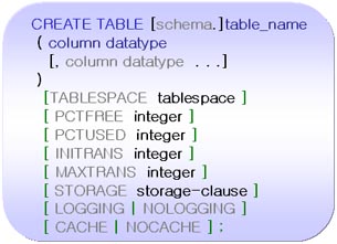 - MAXTRANS : 하나의 데이터 블록에 지정될 수 있는 트랜잭션 최대 수를 지정 한다.
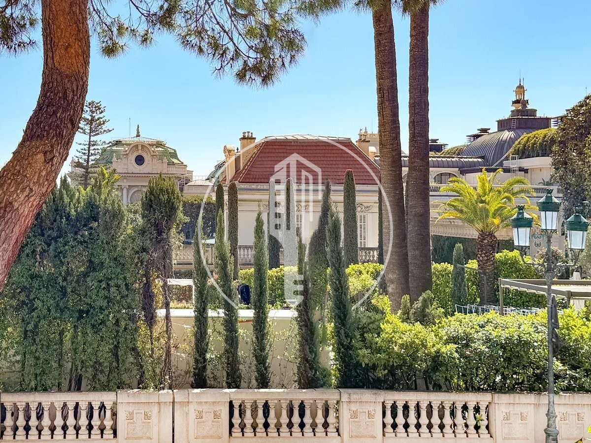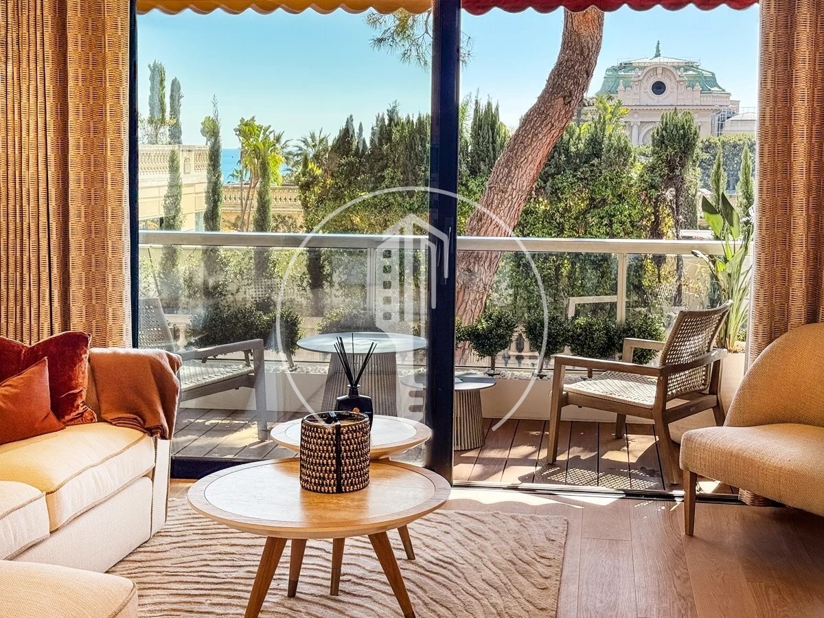 At the front, the living room and kitchen open onto the deep terrace overlooking the Casino de Monaco. Both bedrooms open onto a second landscaped terrace.
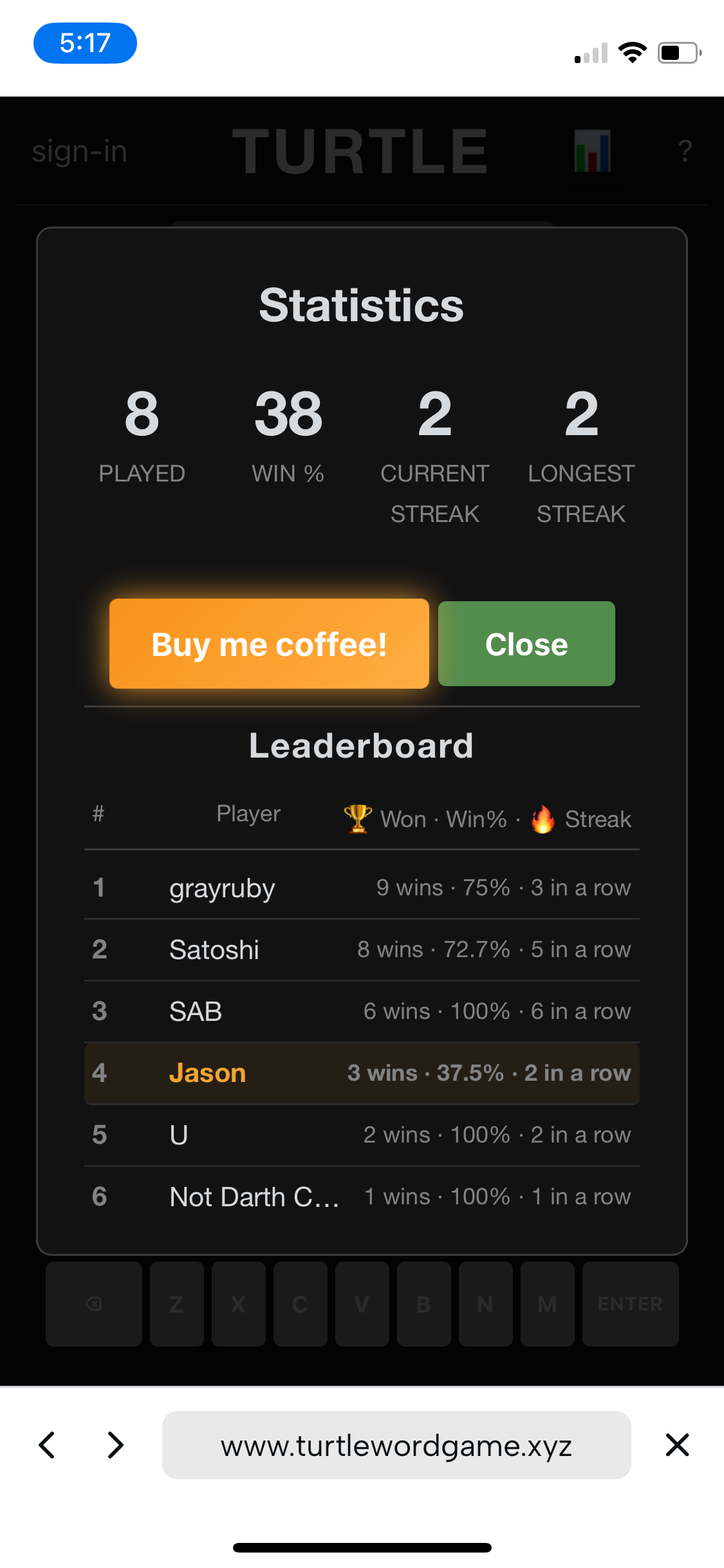 Now, here's the fun or aggravating part depending on your perspective. I didn't include a password. Sooooo, you can go in and mess up other people's stats. Buuuut, you only get one free game a day (per browser I suppose), so it costs you to be slanderous. But it's also kind of interesting if you want to be on, for example, team Dave. You could approach the whole leaderboard from the perspective of just getting the global Dave score up.
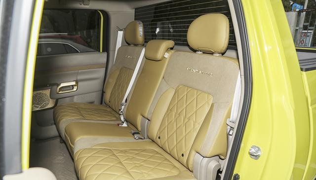 座椅使用了最新的菱形缝线纹理闪电策略,座椅靠背带有Frontier Pro字样,增加了档次感。后排有着不错的空间表现,带有三个头枕,靠背能够4/6比例折叠。
###
* Work required *
No pictures belong in the answer, only the lines from the top of the listing through the line containing "At the front, the", repeated word for word.

* Reply to the task *
 - MAXTRANS : 하나의 데이터 블록에 지정될 수 있는 트랜잭션 최대 수를 지정 한다.
 At the front, the living room and kitchen open onto the deep terrace overlooking the Casino de Monaco. Both bedrooms open onto a second landscaped terrace.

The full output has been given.